Días de vino y rosas...Oler, tocar, probar, recordar...‏

ColumnistasDiario El Mercurio, Martes 21 de enero de 2014http://www.elmercurio.com/blogs/2014/01/21/18833/Dias-de-vino-y-rosas.aspxDGustavo Santander
Hubo un tiempo en el que conocí a una mujer que no sabía cocinar. También era verano, aunque teníamos trece años menos de los que contamos ahora. Supe que carecía de ese talento cuando -en un supermercado- le pedí que me trajera un poco de albahaca y trajo cualquier otra cosa. Pensé que nadie podía confundir el olor de esa hierba, pero me di cuenta de que tomó el ramo por intuición, sin olerlo. Saber cocinar involucra aprender a oler, a tocar, a probar. Yo aprendí a cocinar desde chico porque vengo de una familia que demostraba su cariño en la mesa. Aunque mi padre no sabe freír ni un huevo, mi madre se esmeraba en preparar recetas que había heredado o anotado en un cuaderno que guardaba en la cocina. El hecho es que cuando conocí a esa mujer yo no vivía en Chile: había ido a California a estudiar dos semestres. Nos conocimos allá, mientras ambos intentábamos terminar esos estudios. Ella había nacido en Brooklyn, pero decidió cambiarse a la costa oeste, maravillada por las playas y el clima. Se llamaba Felicity -como su abuela-, aunque todos le decíamos Kippy; era nieta de irlandeses y el cabello rojo, el sinfín de diminutas pecas que se esparcían por sus mejillas y unos ojos verde pálido parecían ser parte de esa herencia. Al terminar los estudios, acordamos pasar juntos los dos meses que me quedaban antes de volver a Santiago. Un amigo en común nos arrendó un pequeño departamento que tenía en Carmel, una ciudad al sur de San Francisco, y nos cambiamos para allá sin pensarlo, con esa incierta felicidad de quienes tienen los días contados. Era agosto y el clima se mostraba inmejorable: los días eran más largos y el sol alegraba las ganas. En ese momento decidí que cocinaría para ella casi a diario; que intentaría hacerla cocinar enseñándole primero a comer.
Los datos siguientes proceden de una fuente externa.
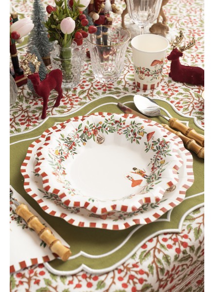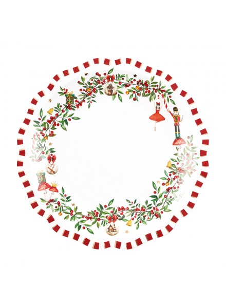 8 piatti da portata cm 27 Christmas Vintage. Apparecchiare una tavola natalizia con piatti decorati in stile Schiaccianoci è un’idea meravigliosa per creare un’atmosfera fiabesca e calorosa, perfetta per incantare grandi e piccoli durante le festività. Ispirata al celebre balletto, questa mise en place mescola eleganza e magia, fondendo elementi classici e dettagli incantati. Il centrotavola si trasforma in un piccolo scenario fiabesco, tra rami d’abete, candele, decorazioni vintage e miniature da favola. Givi Italia si impegna verso produzioni ecologicamente sostenibili, abbiamo recepito la direttiva europea SUP, i nostri piatti non contengono plastica e possono essere smaltiti nel contenitore dell’umido.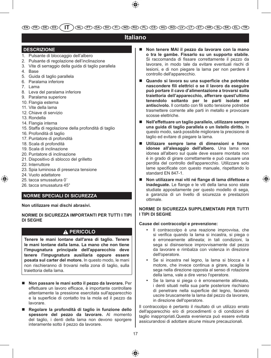 EN FR DE ES IT NL PT DA SV FI NO RU PL CS HU RO LV LT ET HR SL SK EL TR Italiano Tenere saldamente la sega con entrambe le mani e posizionare le braccia in modo tale che possano controllare un eventuale contraccolpo. Durante l'esecuzione del lavoro, collocarsi su un lato della sega:non rimanere mai lungo l'asse della lama. Il contraccolpo fa sì che la sega venga scagliata improvvisamente all'indietro, ma questo movimento può essere tenuto sotto controllo se l'operatore lo prevede e si prepara all'evenienza.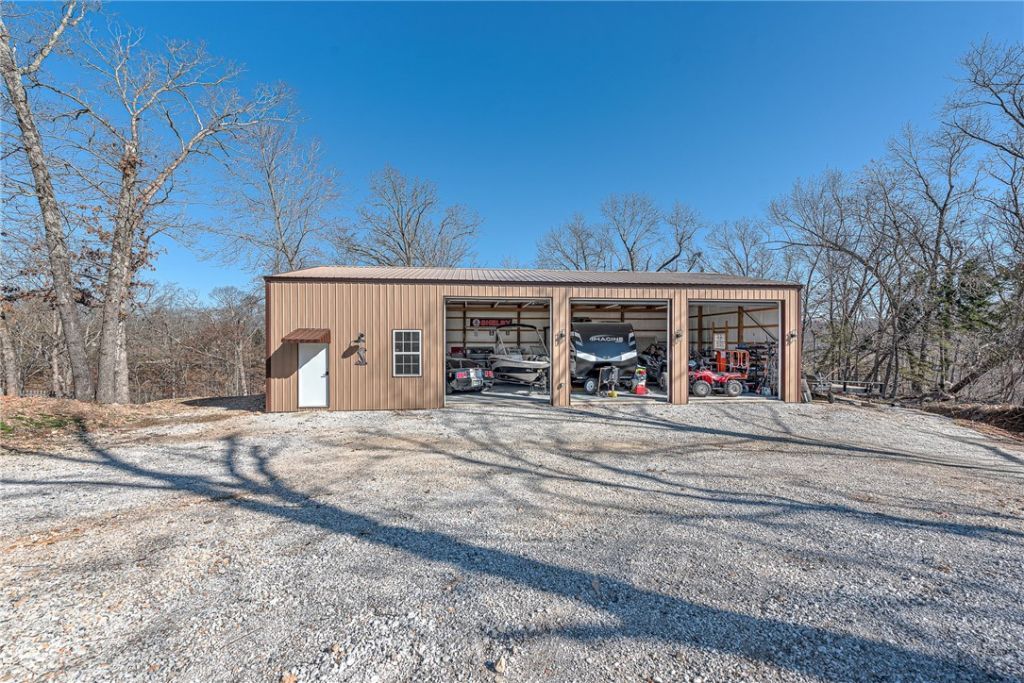 Perfect blend of comfort, space, and lake lifestyle with this beautifully updated home situated on 2.56 acres directly across the street from Beaver Lake. Thoughtfully renovated, the home features refinished hardwood floors, fresh interior and exterior paint, and stylish new light fixtures that create a clean, modern feel. The main level offers 3 BR and 2 baths, including a fully remodeled primary bath. The kitchen is equipped with new appliances. Downstairs you'll find a spacious bonus area complete, a Mini Kitchen, pool table space, and a dedicated theater room featuring a Polk Audio system?ideal for hosting or relaxing at home. Plus a full bath and Bedroom flex room. Step outside and take advantage of the impressive 30x60 shop, outfitted with three 12x12 garage doors, extensive outlet access, LED lighting, and wired for a 35 AMP camper. Located just 1M from Pebble Beach and 1.75M from Jim's Trail Public Boat Ramp, this property is a dream for lake enthusiasts with space, updates, and proximity to Beaver Lake!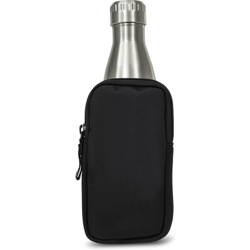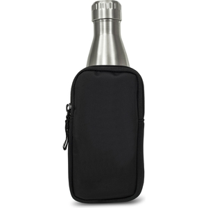 - Adjustable water bottle holder accommodates various sized water bottles.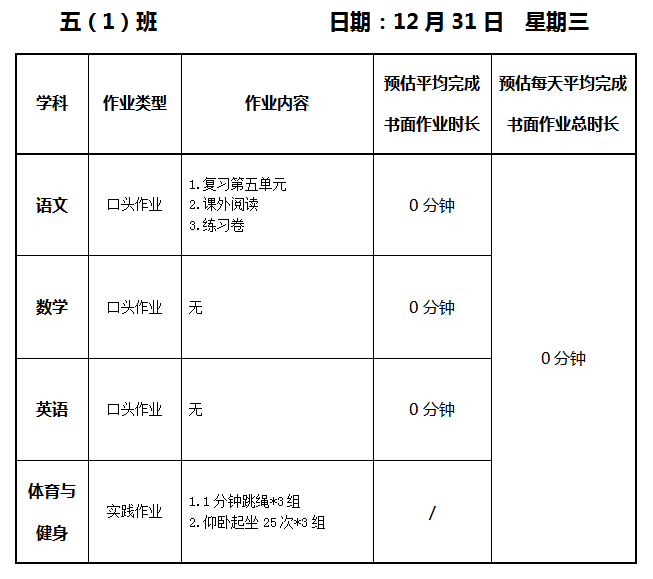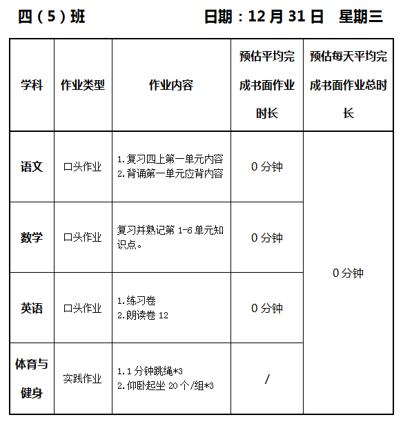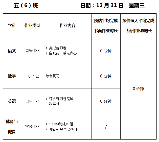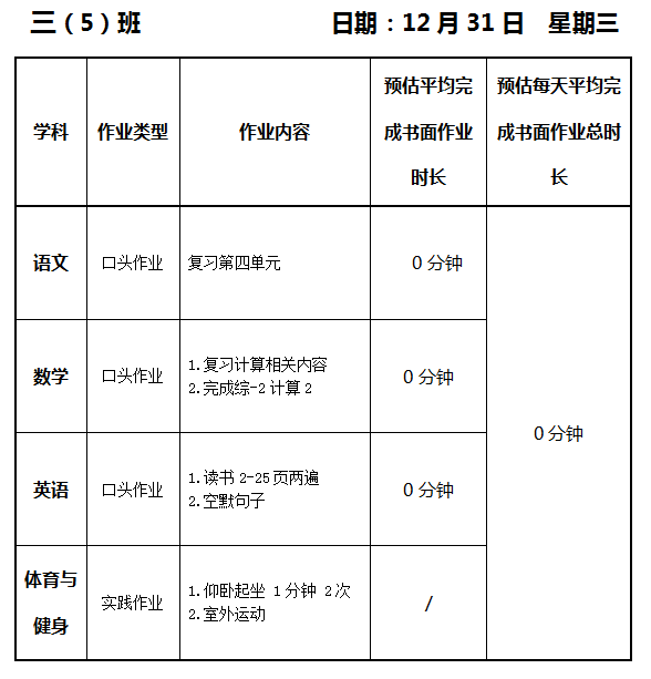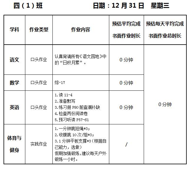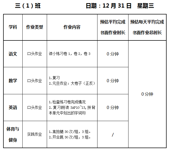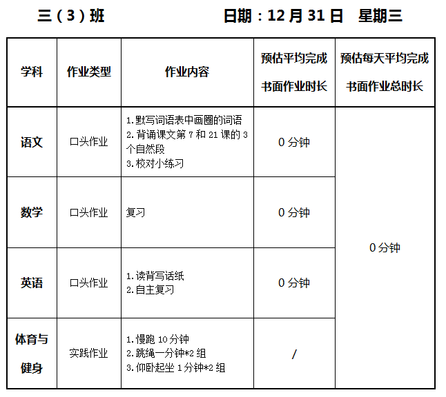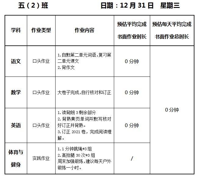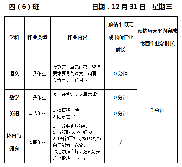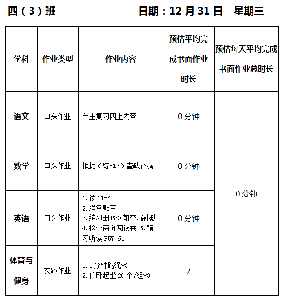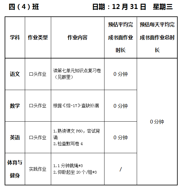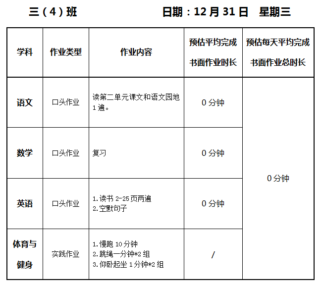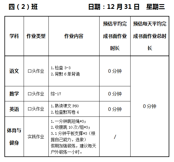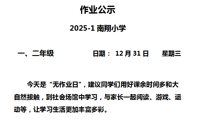 【作业公示】2025学年第一学期南翔小学作业公示(12月31日)

Durante ocho semanas vivimos como en un sueño; me dediqué a cocinar cosas que nos recordaran momentos o personajes de nuestras vidas: recetas que harían las veces de fotografías. Compramos libros de cocina y pasamos horas conversando y marcando páginas; rememoramos platos que comíamos de niños y otros que preparaba la gente que alguna vez amamos; ella se encargaba de elegir el vino y la música mientras yo guisaba (tenía un gusto musical increíble); por las mañanas íbamos juntos a comprar, y así descubrió el modesto placer de elegir los ingredientes. Un día le preparé una pasta que me encantaba comer cuando era niño, y otro ella llamó a su abuela para preguntarle cómo se hacía ese guiso irlandés de carne con cerveza negra con que celebraban el lugar de donde habían venido. En otra ocasión intentamos preparar un caldillo de congrio sin congrio (tuvimos que reemplazarlo por un producto local), mientras le contaba de la "Epopeya de las comidas y bebidas de Chile" y de las peleas entre Neruda y de Rokha. Intenté convencerla infructuosamente de probar las guatitas y hablamos de todas esas cosas que nuestros padres nos obligaron a comer formando traumas gastronómicos difíciles de remontar. Irremediablemente engordamos algunos kilos, pero disfrutamos de larguísimas sobremesas donde hablábamos de todo un poco, entusiasmados por el placer de tener la barriga y las copas llenas. Ahora que ha vuelto a llegar el verano, recuerdo su pelo rojizo esparcido en mis piernas, como si esos sesenta días aún fueran eternos.